In particular, the Charter of Fundamental Rights of the European Union covers the following.

    • Human dignity (art. 1)
    • Right to life (art.2)
    • Right to the integrity of the person (art.3)
    • Prohibition of torture and inhuman or degrading treatment or punishment (art.4)
    • Prohibition of slavery and forced labour (art.5)
    • Right to liberty and security (art.6)
    • Respect for private and family life (art.7)
    • Protection of personal data (art.8)
    • Right to marry and right to found a family (art.9)
    • Freedom of thought, conscience and religion (art.10)
    • Freedom of expression and information (art.11)
    • Freedom of assembly and of association (art.12)
    • Freedom of the arts and sciences (art.13)
    • Right to education (art.14)
    • Freedom to choose an occupation and right to engage in work (art.15)
    • Freedom to conduct a business (art.16)
    • Right to property (art.17)
    • Right to asylum (art.18)
    • Protection in the event of removal, expulsion or extradition (art.19)
    • Equality before the law (art.20)
    • Non-discrimination (art.21)
    • Cultural, religious and linguistic diversity (art.22)
    • Equality between women and men (art.23)
    • The rights of the child (art.24)
    • The rights of the elderly (art.25)
    • Integration of persons with disabilities (art.26)
    • Workers’ right to information and consultation within the undertaking (art.27)
    • Right of collective bargaining and action (art.28)
    • Right of access to placement services (art.29)
    • Protection in the event of unjustified dismissal (art.30)
    • Prohibition of child labour and protection of young people at work (art.32)
    • Family and professional life (art.33)
    • Social security and social assistance (art.34)
    • Health care (art.35)
    • Access to services of general economic interest (art.36)
    • Environmental protection (art.37)
    • Consumer protection (art.38)
    • Right to vote and to stand as a candidate at elections to the European Parliament (art.39)
    • Right to vote and to stand as a candidate at municipal elections (art.40)
    • Right to good administration (art.41)
    • Right of access to documents (art.42)
    • European Ombudsman (art.43)
    • Right to petition (art.44)
    • Freedom of movement and of residence (art.45)
    • Diplomatic and consular protection (art.46)
    • Right to an effective remedy and to a fair trial (art.47)
    • Presumption of innocence and right of defence (art.48)
    • Principles of legality and proportionality of criminal offences and penalties (art.49)
    • Right not to be tried or punished twice in criminal proceedings for the same criminal offence (art.50)

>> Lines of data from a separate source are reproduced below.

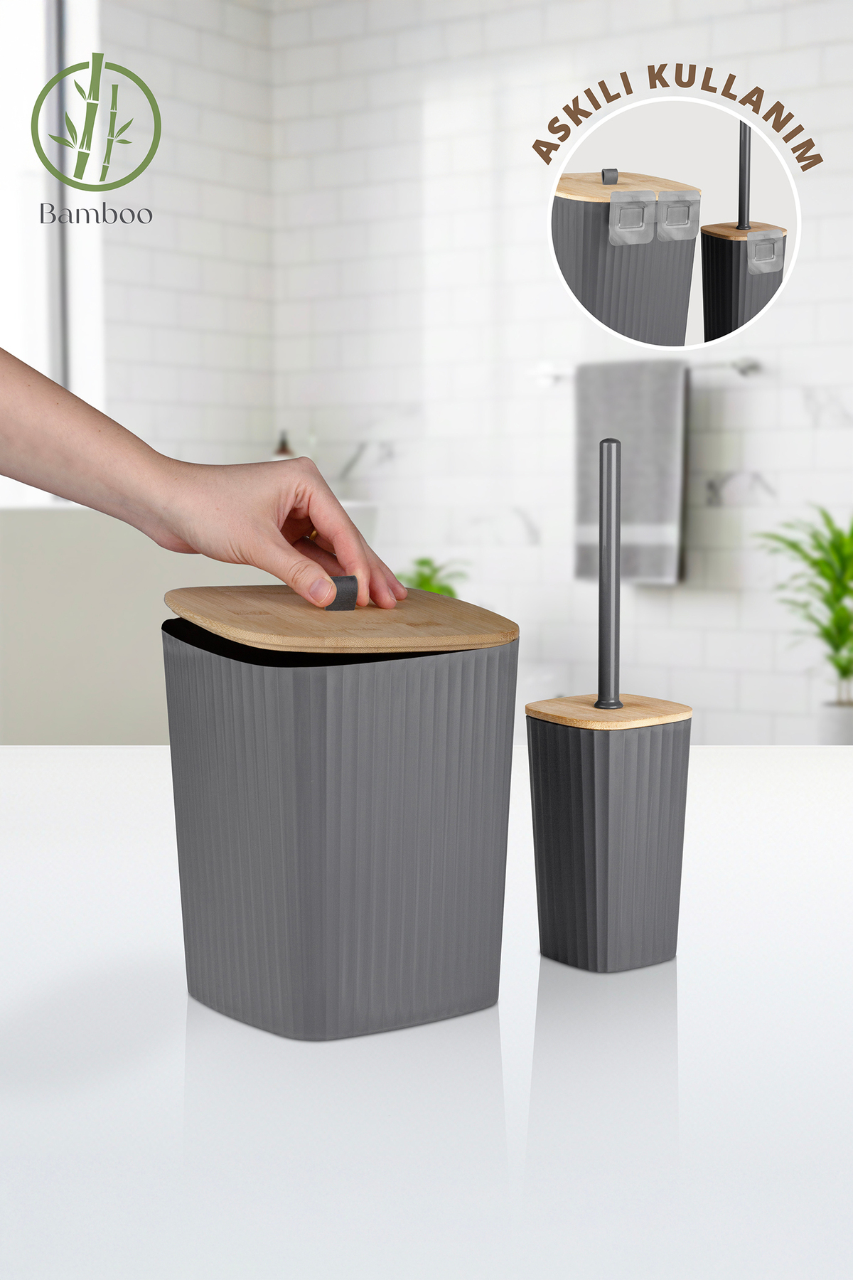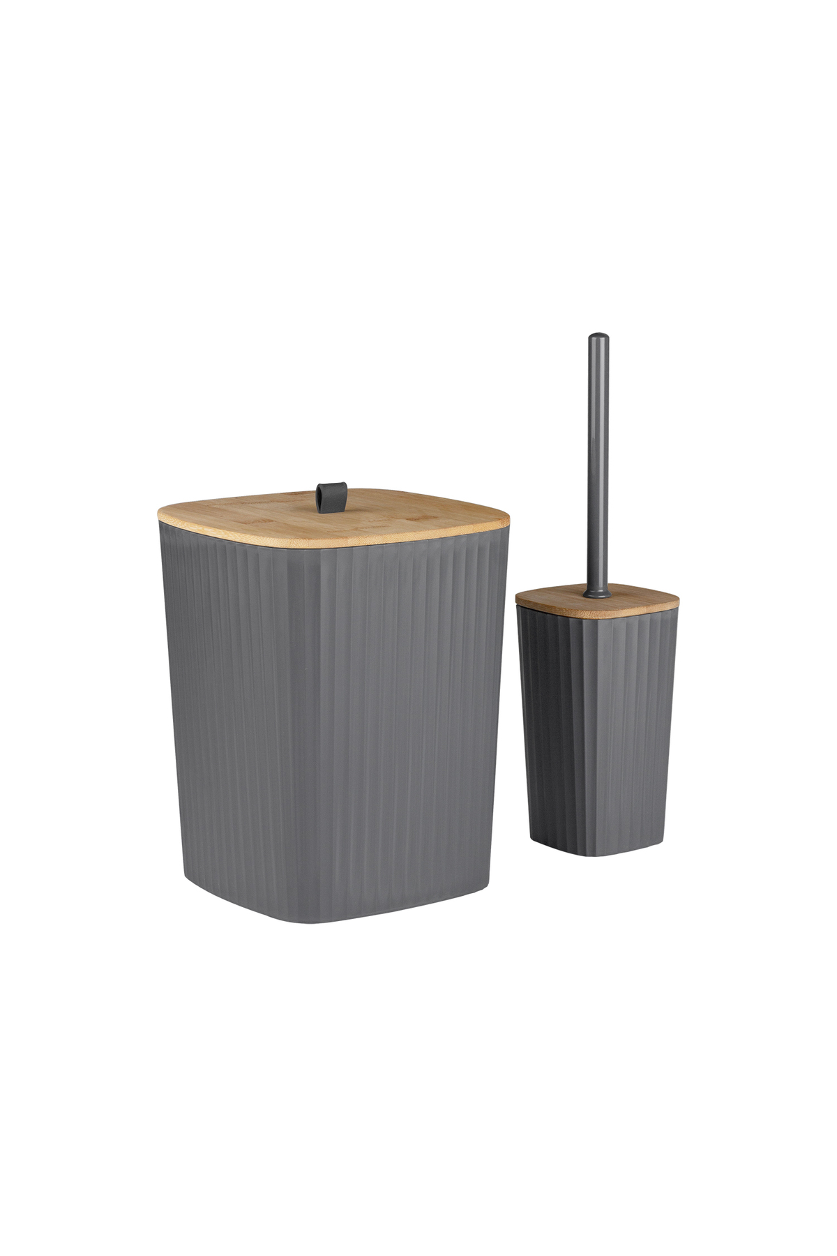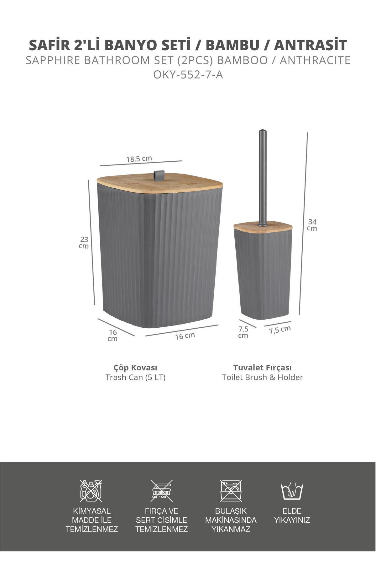 Ocean Home Sapphire Adhesive Real Bamboo Toilet Brush Holder and Trash Can Set Anthracite 2-Piece Bathroom Set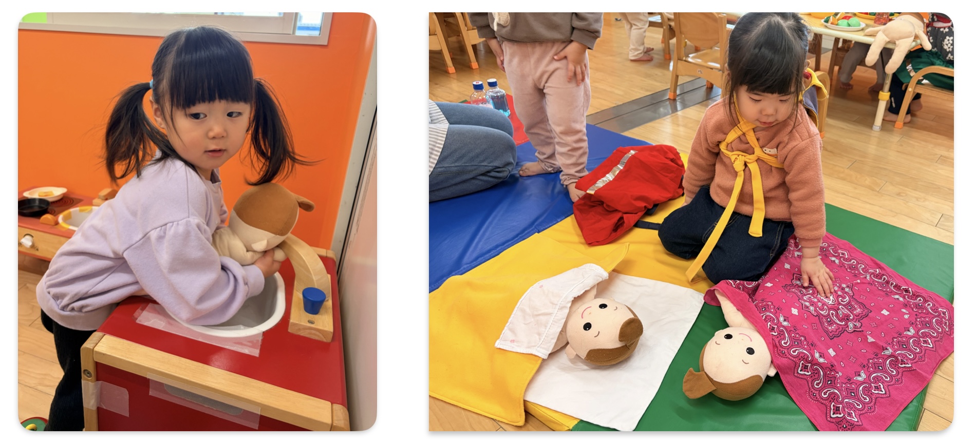 お人形のお世話が大好きなお友だちは手を洗ってあげたり、寝かしつけをしたりとお世話に忙しそうです。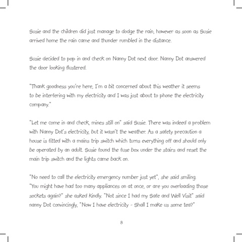8Susie and the children did just manage to dodge the rain, however as soon as Susie arrived home the rain came and thunder rumbled in the distance.Susie decided to pop in and check on Nanny Dot next door. Nanny Dot answered the door looking flustered.%u201cThank goodness you%u2019re here, I%u2019m a bit concerned about this weather it seems to be interfering with my electricity and I was just about to phone the electricity company.%u201d %u201cLet me come in and check, mines still on%u201d said Susie. There was indeed a problem with Nanny Dot%u2019s electricity, but it wasn%u2019t the weather. As a safety precaution a house is fitted with a mains trip switch which turns everything off and should only be operated by an adult. Susie found the fuse box under the stairs and reset the main trip switch and the lights came back on.%u201cNo need to call the electricity emergency number just yet%u201d, she said smiling.%u201cYou might have had too many appliances on at once, or are you overloading those sockets again?%u201d she asked kindly. %u201cNot since I had my Safe and Well Visit%u201d said nanny Dot convincingly, %u201cNow I have electricity - Shall I make us some tea?%u201d

Against whom may a complaint be lodged?

A complaint can be lodge against:

  1. European Union institutions, bodies, offices and agencies
  2. Member States when they are implementing European Union law. Although, when the Charter of Fundamental Rights of the European Union provisions are sufficiently precise and unconditional, they can have direct effect at the national level, for instance in national courtrooms.
  3. Another individual, in limited cases when the Charter of Fundamental Rights of the European Union determines a horizontal direct effect 2 .

There are two types of provisions within the Charter of Fundamental Rights of the European Union: rights and principles. Principles can only be invoked before national courts if implemented by legislative or executive acts. The Charter cannot be directly invoked if the case falls outside the scope of the European Union law.

According to the principle of conferral (Article 5 TEU), the European Union law of human rights applies to matters within the competence of the European Union (that are defined by Articles 2 – 6 TFEU).

Who can file a complaint?

Beneficiaries of the European Union protection of human rights are: i) individuals; ii) private legal persons (depending on the right and the circumstances); iii) public entities under certain conditions. The beneficiaries of this protection are European citizens and residents on the Union, but also citizens of non-member States and stateless persons. A few Charter rights apply only to European citizens (Articles 15, 16, 39, 40, 45, 46).

Means available to seek protection of European Union fundamental rights

In the event of a violation of human rights, beneficiaries of the European Union protection of human rights can count on various means and mechanisms to obtain protection, which can be judicial or non-judicial.

Judicial means available to seek protection of European Union fundamental rights

When a private individual, a company or an organisation has suffered damage due to action or inaction of a European Union institution, body, office and agency, they/it can take judicial action against the European Union in an indirect or a direct way, which means before a national court or the Court of Justice of the European Union (if the European Union institution decision has affected the claimant directly and individually).

National courts of Member States are obliged to interpret national measures in conformity with European law and the Charter whenever they come within the scope of the European Union law (as interpreted by the CJEU). When a national rule conflicts with European Union law, the nation judge must dis-apply the internal norm (in accordance to the principle of the precedence of European law). The national judge can also decide to refer the case to the Court of Justice of the EU. Nevertheless, national courts cannot annul a European act, while the CJEU can.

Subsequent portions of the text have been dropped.